Merge pull request #76 from bigcode-project/loubnabnl-patch-2

loubnabnl · web-flow · commit 42405fd87b40 · 2023-05-22T17:17:38.000+02:00
Update README.md
diff --git a/README.md b/README.md
@@ -27,11 +27,11 @@ Below are the features and tasks of this framework:
 
 - Tasks:
     - 4 code generation **Python** tasks (with unit tests): [HumanEval](https://huggingface.co/datasets/openai_humaneval), [APPS](https://huggingface.co/datasets/codeparrot/apps), [MBPP](https://huggingface.co/datasets/mbpp) and [DS-1000](https://github.com/HKUNLP/DS-1000/) for both completion (left-to-right) and insertion (FIM) mode.

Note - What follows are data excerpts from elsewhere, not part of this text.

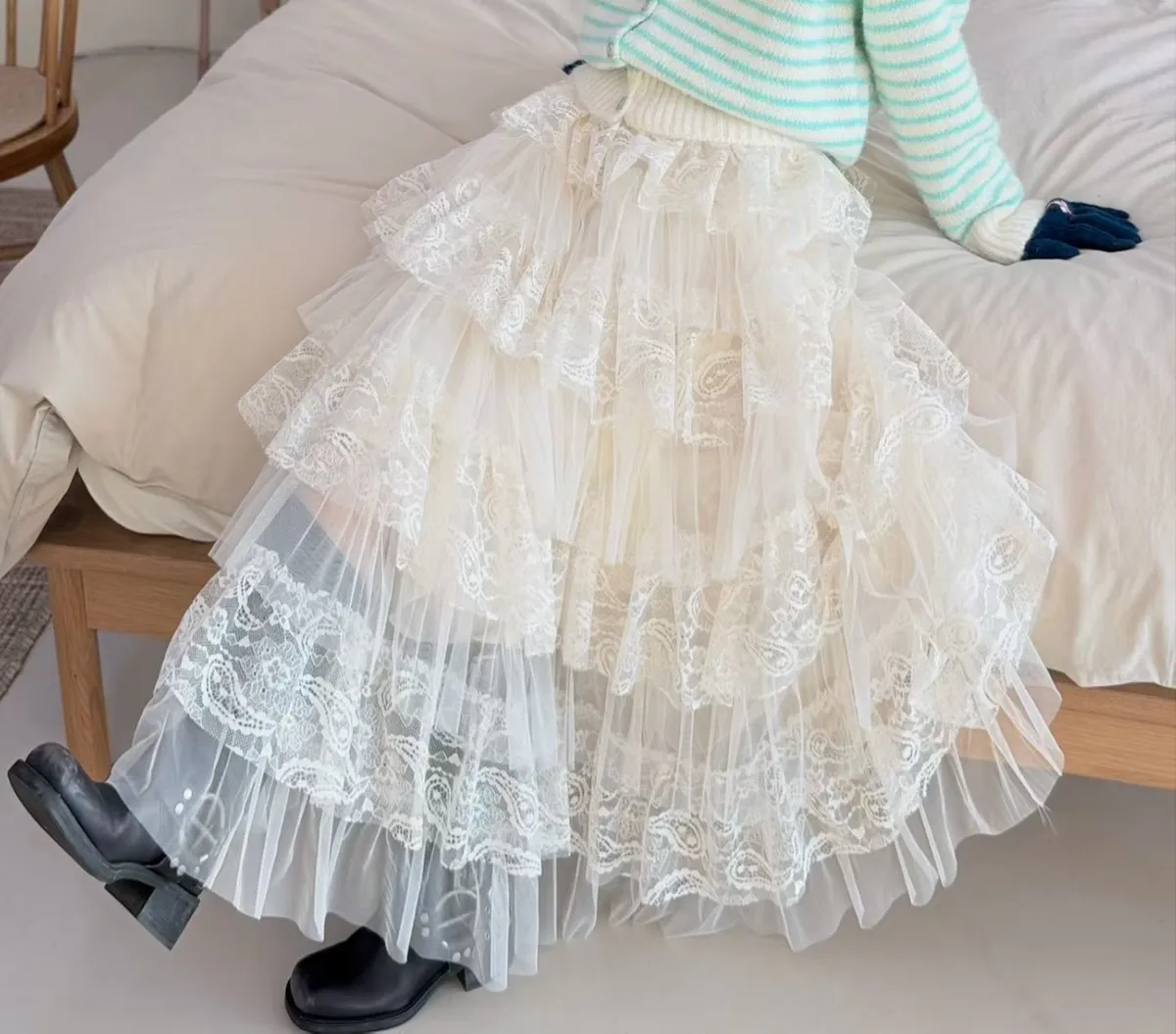 雪紡+聚酯 重工藝術織線 透光多層次 有內裡 飄逸垂墜感 質地不重
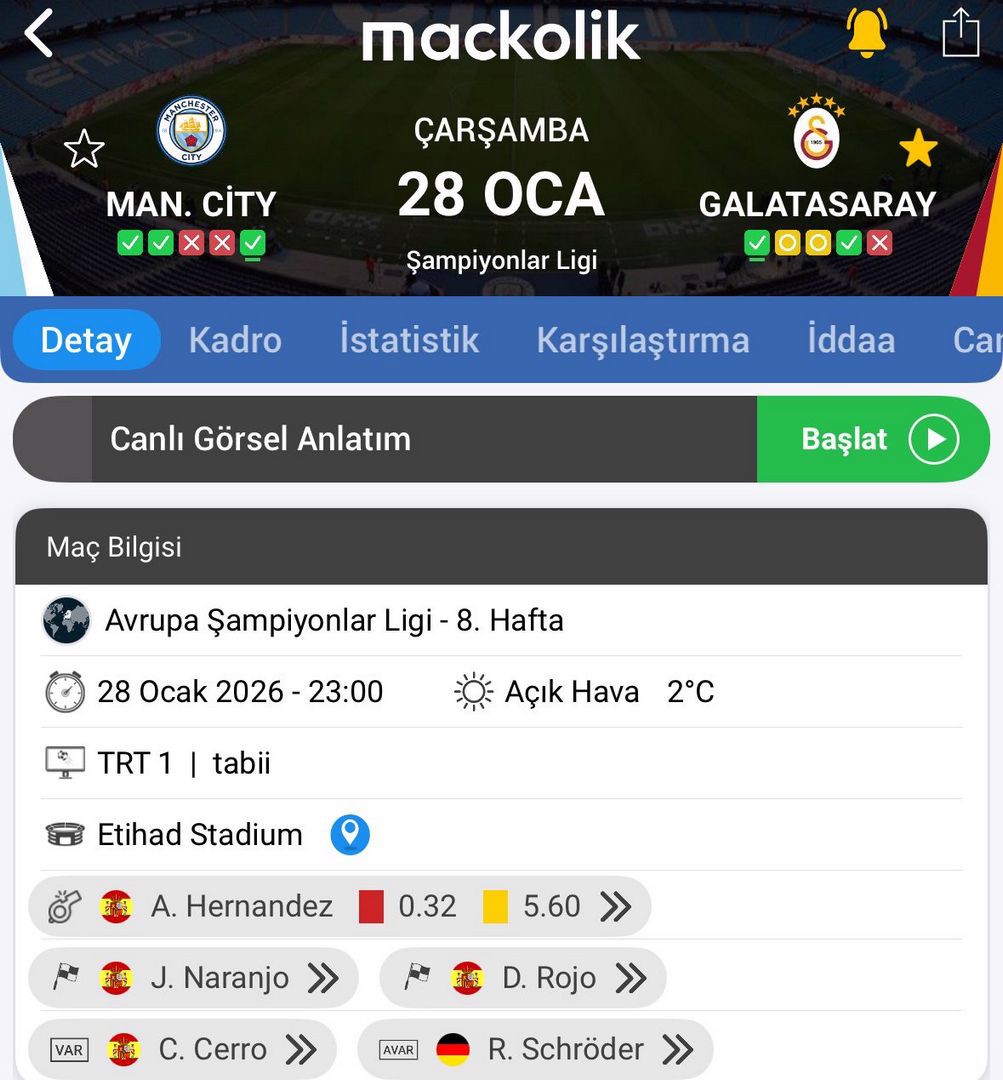 Galatasaray, Şampiyonlar Ligi'nde lig aşamasının son maçında Manchester City'ye konuk olacak. Saat 23.00'te başlayacak maçı, İspanyol hakem Alejandro Hernandez yönetecek.
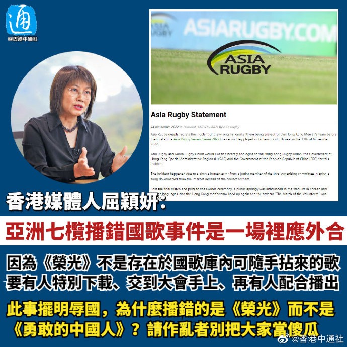 圖片製作:王瑤 香港媒體人屈穎妍14日在社交平台發文:下星期一,萬眾期待的世界盃足球賽在卡塔爾正式開鑼了,亞洲勁旅韓國一如過往,殺入了最後32強,第一場賽事,就是對戰南美足球強國烏拉圭。試想像,如果在比賽開場前的互奏國歌環節,韓國隊播出的國歌變成朝鮮國歌,你道,大家反應會如何?類似情況,11月13日在韓國仁川發生了,當地舉行的亞洲七人欖球系列賽第二站——香港對韓國的決賽中,竟出現播錯中國國歌的場面,而且那錯,是極離譜的張冠李戴,把2019年香港“黑暴”主題曲《願榮光歸香港》全首播出、全首播完!奇怪是,現場球員竟若無其事地肅立,場邊的港隊負責人亦沒有人跑去要求把歌曲腰斬,由得整首《榮光》播完,然後開始賽事,直至港隊在比賽中勝出,再有升區旗播國歌儀式,主辦方這才宣布,之前播錯歌並致歉。如果,港隊沒取勝呢?那主辦單位就連更正、道歉的機會都沒有了,全世界就會以為,《榮光》就是“香港之歌”。有人說,可能是無心之失。正常播錯國歌的無心之失,頂多是印度播錯了印尼。2019年9月的歐洲國家盃外圍賽,法國對阿爾巴尼亞賽事開場前,就誤把歐洲小國安道爾的國歌,當作阿爾巴尼亞國歌播出,直播鏡頭見球員表情錯愕,場上的阿爾巴尼亞球迷亦做出抗議手勢。結果,主辦當局立即重新播放正確國歌,事件令比賽延遲了7分鐘,歐洲足協紀律委員會向法國足協作出處分且罰款1萬歐元,並成立獨立調查委員會處理此事。所以,“無心之失”是會有的,但都是播錯別國國歌,而不可能播一首不是國歌,且是當地暴亂主題曲,那種“錯”,絕對絕對是“有心之作”。《榮光》不是一首存在於國歌庫內可隨手拈來的歌,要把這歌在世界比賽的鏡頭下直播,需要有人特別下載、然後交到大會手上、再有人配合播出,這當中需要一點裡應外合。行會成員湯家驊大律師說:“事件肯定不是無心之失,屬具犯罪意圖之行為……涉事者可能已干犯《刑事罪行條例》下之煽惑罪、香港國安法之分裂國家罪或勾結外國勢力罪、或串謀違反《國歌條例》罪。雖然現實上特區政府難以把在韓者繩之以法,但很難相信事件不涉及在港人士協助甚或策劃;特區政府應嚴肅細查,依法跟進而非只是表示抗議和要求道歉那麼簡單。”這場裡應外合,就是勾結外國勢力;把暴亂主題曲宣揚為“香港之歌”,就是分裂國家。“黃絲”Youtuber桑普拍片煽動說:“這事提醒我們,香港人在外面可以做好多事……就是要讓他們草木皆兵……”有人和應、有人鼓吹,煽惑罪已成。此事擺明辱國,為什麼播錯的是《榮光》而不是《勇敢的中國人》? 請作亂者別把大家當傻瓜。 國恥大,還是獎杯大?主辦方若不認真交代,香港隊就退出餘下比賽,贊助商也該終止所有贊助。特區政府請別再只是“非常不滿”和“嚴厲譴責”,如果今次又再姑息,不由國安處開file調查,不以國安法為懲治基礎,這種試探、這種踩紅線行為,將陸續有來,將愈玩愈大。 【編輯:汪彥希】
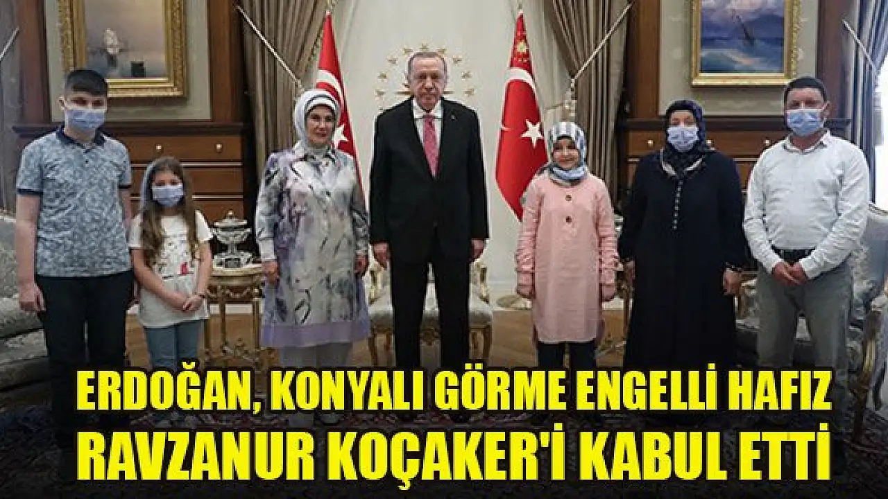 Türkiye Cumhurbaşkanı Recep Tayyip Erdoğan ve eşi Emine Erdoğan, Cumhurbaşkanlığı Külliyesi'nde, Konya'da yaşayan görme engelli imam hatip ortaokulu 6'ncı sınıf öğrencisi Ravzanur Koçaker ve ailesini kabul etti.
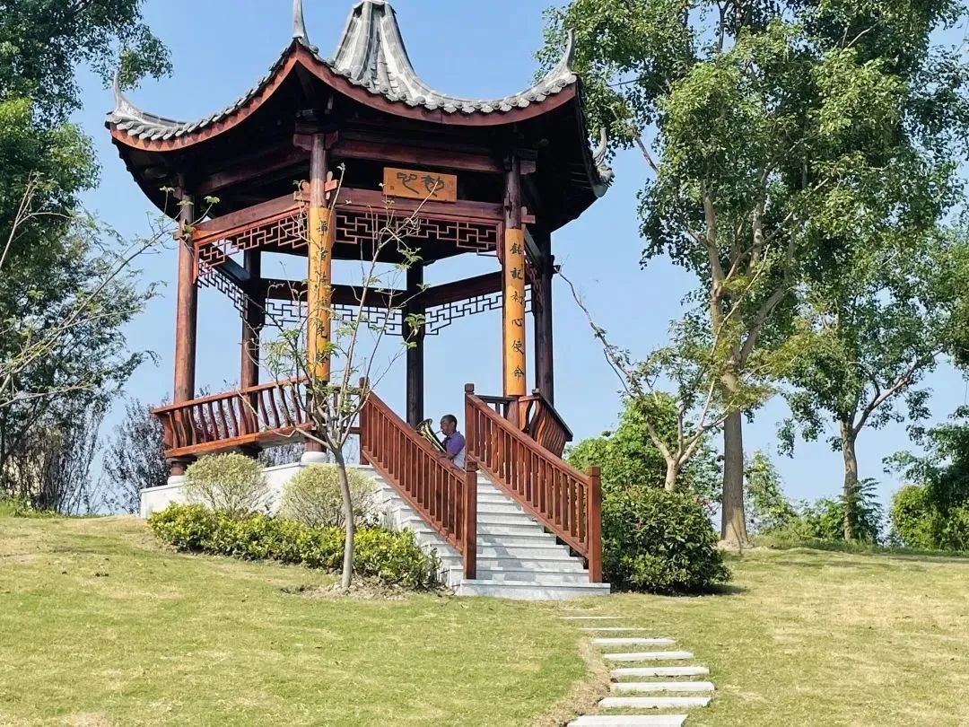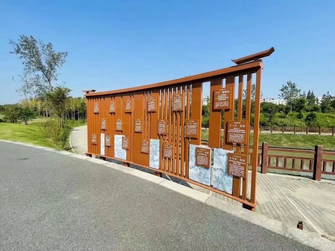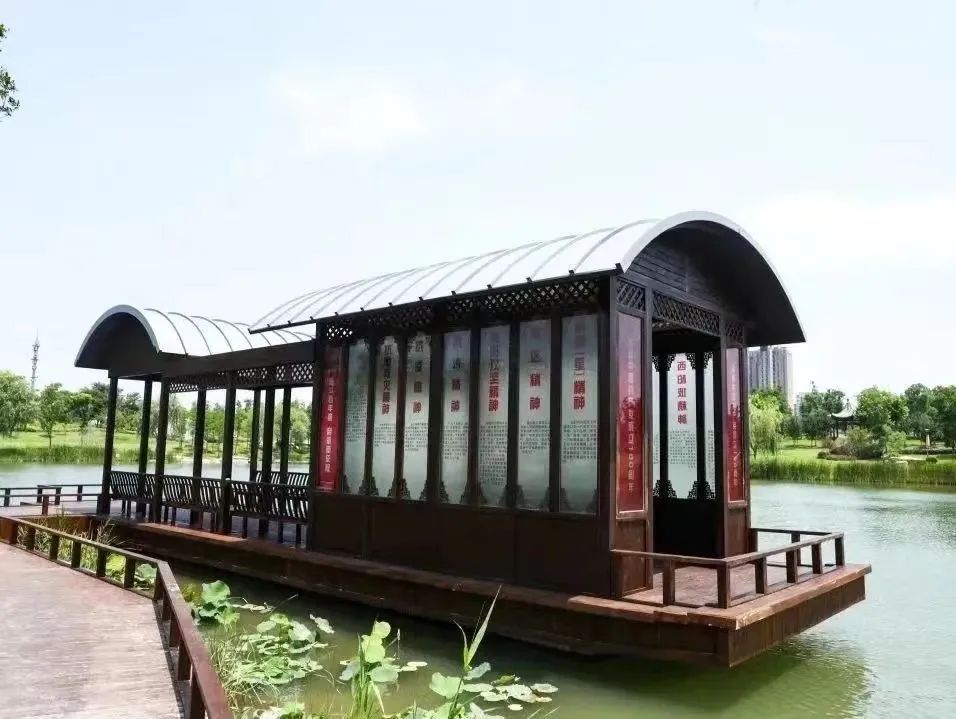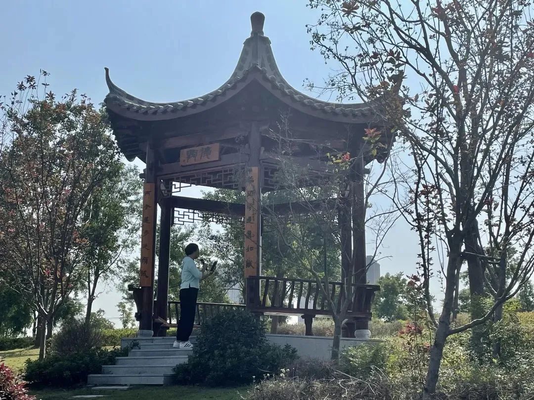 更值得一提的是,得翠园还有一个特别的身份——梅陇镇党建公园,集党建文化宣传和市民休闲娱乐于一体。园内将党建元素与原有绿地功能有效融合,设有红色主题广场、红船形式的市民亲水平台、主题文化凉亭、党建文化雕塑、诗词景观石等,党建文化弥漫整个公园。
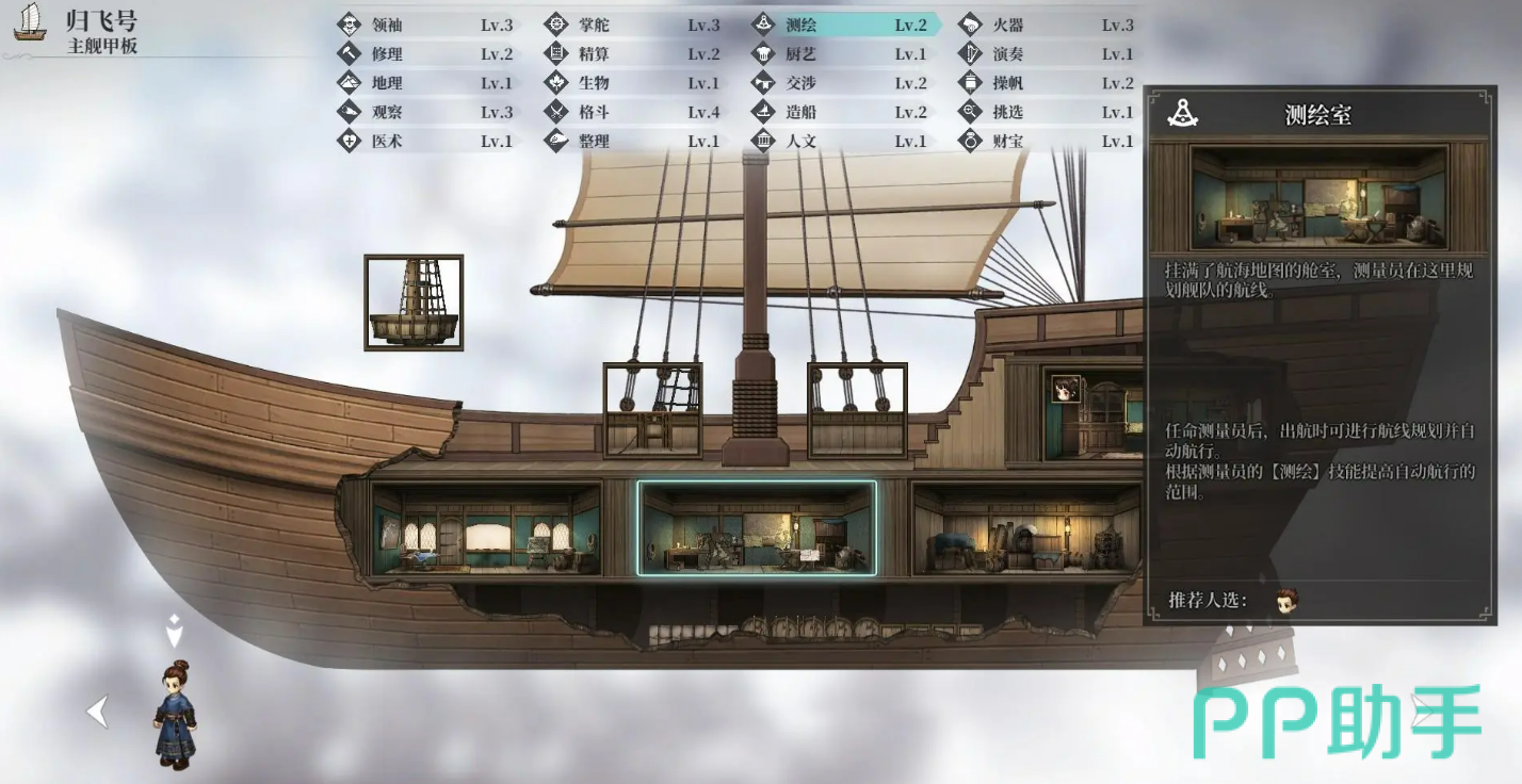 启航前需重点配置两类功能舱室:瞭望台须安排具备观测资质的船员驻守,可显著提升航行中遭遇沉船残骸与隐秘宝藏的概率;测绘室则需指派专业人员值守,以激活自动导航功能,大幅降低手动操舵频次与操作失误风险。另需密切关注船体老化数值——前期木质船体损耗较快,若未及时维护易触发结构失效事件。待解锁船匠职位后,该隐患将得到有效控制。
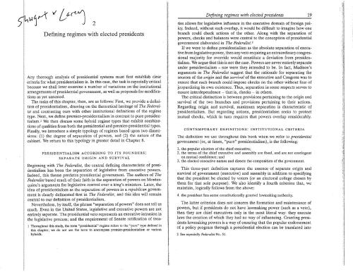 در سال های اخیر توجه مجدد به اهمیت نقش طراحی سازمانی معطوف شده است. در سیاست دموکراتیک توجه ویژه به طراحی قانون اساسی و شایستگی های نسبی نظام پارلمانی در مقابل نظام ریاستی مربوط می شود. اجماع مجازی حول این بحث شکل گرفته است که نظام های پارلمانی به طور کلی بر نظام های ریاستی ارجحیت دارند، که عمدتاً به دلیل از دست دادن قدرت به قوه مجریه و مجلس در نظام های ریاستی است. در این کتاب، نویسندگان به طور سیستماتیک نقاط قوت و ضعف اشکال مختلف نظام های ریاست جمهوری را با تکیه بر تحولات اخیر در ادبیات نظری در مورد طراحی نهادی و قوانین انتخاباتی ارزیابی می کنند. آنها یک گونه شناسی از رژیم های دموکراتیک را توسعه می دهند که بر اساس اصل تفکیک قوا، شامل دو شکل ترکیبی، نظام نخست رئیس جمهور و رئیس جمهور-پارلمان، ساخته شده است، و تعدادی از راه های جایگزین برای موازنه قوا بین شاخه ها را در این چارچوب های اساسی ارزیابی می کنند. . آنها همچنین نشان میدهند که قوانین انتخاباتی در تعیین چگونگی اعمال اقتدار در این سیستمها بسیار مهم هستند، و طیفی از قوانین انتخاباتی را که میتوان تنظیم کرد و تأثیراتی که بر شکل نظامهای حزبی، برنامههای سیاسی و بر روی نظامهای حزبی میگذارند، بسیار مهم است. چشم انداز همکاری بین روسای جمهور و مجالس.

-    - [MultiPL-E](https://github.com/nuprl/MultiPL-E) evaluation suite (HumanEval translated into **18** programming languages)
+    - [MultiPL-E](https://github.com/nuprl/MultiPL-E) evaluation suite (HumanEval translated into **18** programming languages).
     - [Pal](https://github.com/reasoning-machines/pal) Program-aided Language Models evaluation for grade school math problems : [GSM8K](https://huggingface.co/datasets/gsm8k) and [GSM-HARD](https://huggingface.co/datasets/reasoning-machines/gsm-hard). These problems are solved by generating reasoning chains of text and code.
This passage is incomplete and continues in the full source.